如何访问python django中的url部分? [英] How to access url part in python django?
问题描述
{base_url} / employee / {emp_id}
。 这里 emp_id
不是GET参数。如何在我的视图中访问此参数?有没有任何标准的方式来访问它,而无需手动解析URL?
根据您是否使用基于类的视图或是否正在使用标准视图函数,方法不同。
对于基于类的视图,根据您愿意执行的操作(ListView,DetailView,...)通常是不需要解析url,只能在urls.py中指定参数的名称,或直接在类定义中指定参数的名称。
基于类的视图
urls.py
from mysite.employee.views import EmployeeView
urlpatterns = patterns('',
...
url(r'^ employee /(? P< pk> [\d] +)/ $',EmployeeView.as_view(),name ='employee-detail'),
...
)
employee / views.py
class EmployeeView(DetailV iew):
model = YourEmployeeModel
template_name ='employee / detail.html'
请阅读knbk向您指出的文档,因为您需要导入DetailView
只要简单,您将根据 pk
给定的参数。
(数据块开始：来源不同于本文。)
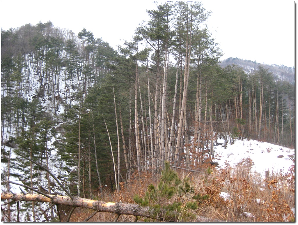 올 겨울 마지막 눈구덩이를 찾아 눈이 많이 왔다는 강릉 덕우산엘 올랐습니다.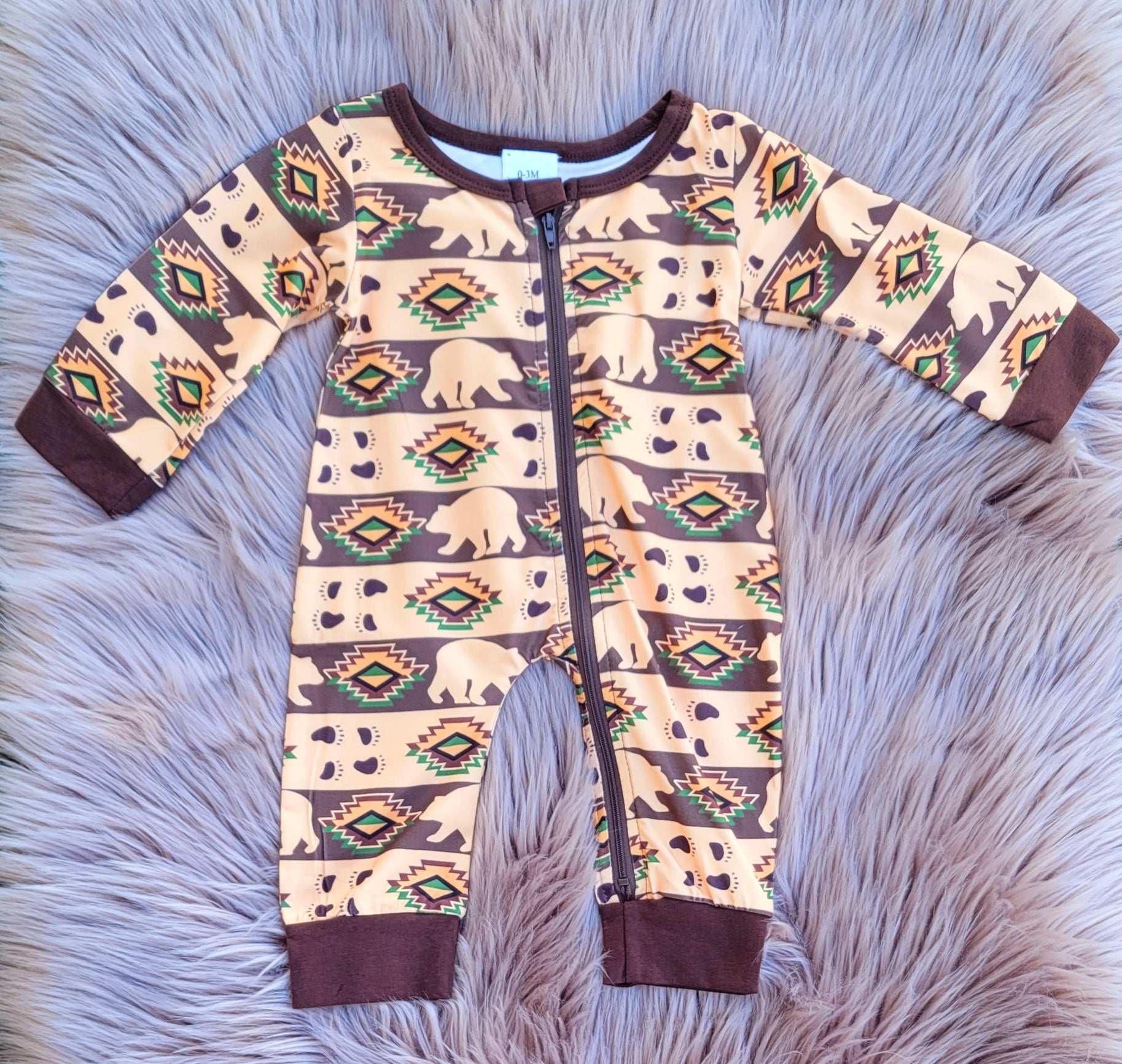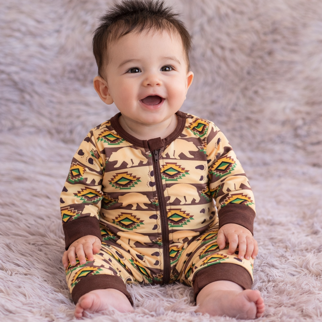 Baby zippered sleeper with bears and southwestern print.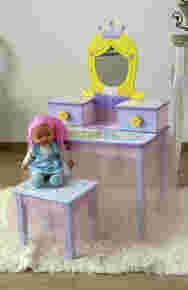 Przepiękny mebl do pokoju małej dziewczynki - toaletka ze stołeczkiem z serii "Mała Księżniczka".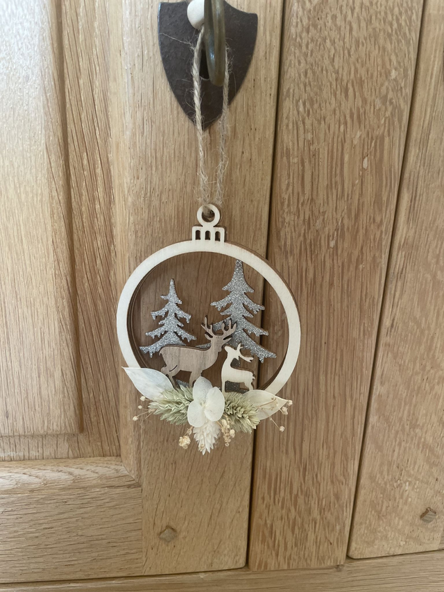 Apportez une touche chaleureuse et naturelle à votre décoration d’hiver avec cette délicate suspension artisanale en bois, représentant un élégant cerf entouré de sapins enneigés. Découpée avec précision, cette décoration évoque l’ambiance douce et féérique des forêts nordiques.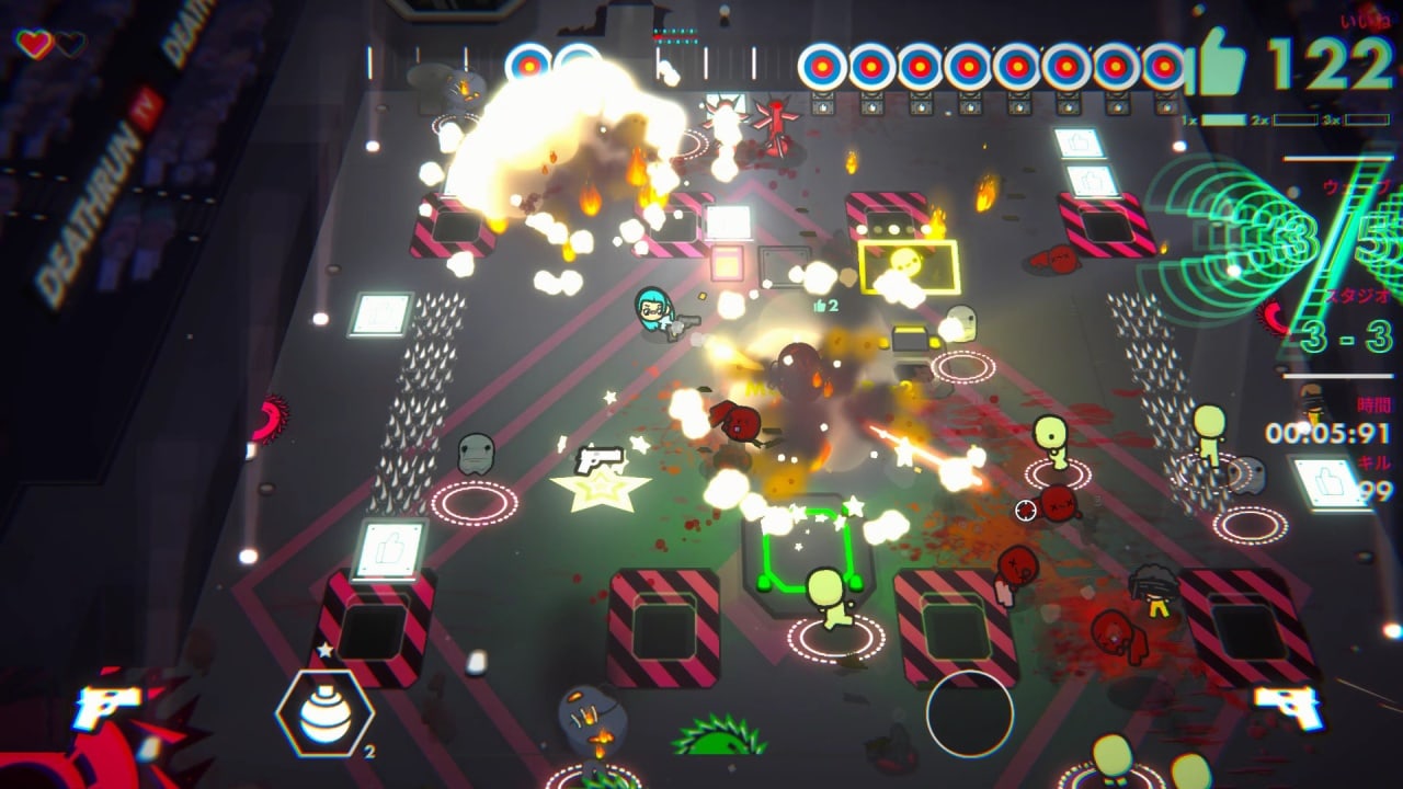 DEATHRUN TV - это жесткой твин-стик шутер в жанре rogue-lite, где вы должны сражаться за славу и свою жизнь. Вас ждет невероятный экшен, головокружительные скорости и бесконечные полчища мутантов, которые попытаются вас уничтожить. Игроки должны победить в комнатах с эпическими боссами, такими как Глаз, Зангбиф Медведебор и Элитный Страж, чтобы продвигаться дальше. Но зрители могут изменить ход игры, вводя безумные команды в чате Twitch. Они могут помочь вам или, наоборот, уничтожить вас, выпустив орду монстров.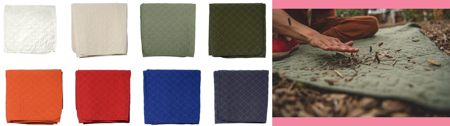 -As far as a blanket, we use a soft lightweight canvas tarp I got years ago, of the kind that you can find at a hardware / paint store… if U want something slightly cushier, check out the ill multicolored quilted joints pictured above from Utility Canvas (they make napkins, too).

如果不存在,将抛出404错误。
在基于功能的视图中以类似的方式完成:
urls.py
from mysite.employee.views import EmployeeView
urlpatterns = patterns('',
...
url(r'^ employee /(?P< ; pk> [\d] +)/ $','mysite.employee.views.employee_detail',name ='employee-detail'),
...
)
employee / views.py
from django.shortcuts import get_object_or_404
def employee_detail(request,pk):
函数中参数的名称是
urls.py
中的正则表达式组名称:'pk'
employee = get_object_or_404(YourEmployeeModel,pk = pk)
#在这里你可以用任何东西替换
return HttpResponse(employee)
我希望这个帮助
I am working on APIs using django. I want to access my resources in following way:
{base_url}/employee/{emp_id}
.
Here emp_id
is not a GET parameter. How can I access this parameter in my view? Is there any standard way to access it without manually parsing URL?
Depending on whether you are using class based views or whether you are using standard view functions the method is different.
For class based views, depending on which action you are willing to perform (ListView, DetailView, ...) usually you do not need to parse the url but only to specify the name of the argument in your urls.py or the name of the argument directly inside the class definition.
Class based views
urls.py
from mysite.employee.views import EmployeeView
urlpatterns = patterns('',
...
url(r'^employee/(?P<pk>[\d]+)/$', EmployeeView.as_view(), name='employee-detail'),
...
)
employee/views.py
class EmployeeView(DetailView):
model = YourEmployeeModel
template_name = 'employee/detail.html'
Please read the doc that knbk pointed out to you as you need to import DetailView
And as simply as that, you will get your employee depending on the pk
argument given. If it does not exist a 404 error will be thrown.
In function based views it is done in a similar way:
urls.py
from mysite.employee.views import EmployeeView
urlpatterns = patterns('',
...
url(r'^employee/(?P<pk>[\d]+)/$', 'mysite.employee.views.employee_detail', name='employee-detail'),
...
)
employee/views.py
from django.shortcuts import get_object_or_404
def employee_detail(request, pk):
""" the name of the argument in the function is the
name of the regex group in the urls.py
here: 'pk'
"""
employee = get_object_or_404(YourEmployeeModel, pk=pk)
# here you can replace this by anything
return HttpResponse(employee)
I hope this helps
这篇关于如何访问python django中的url部分?的文章就介绍到这了,希望我们推荐的答案对大家有所帮助,也希望大家多多支持IT屋!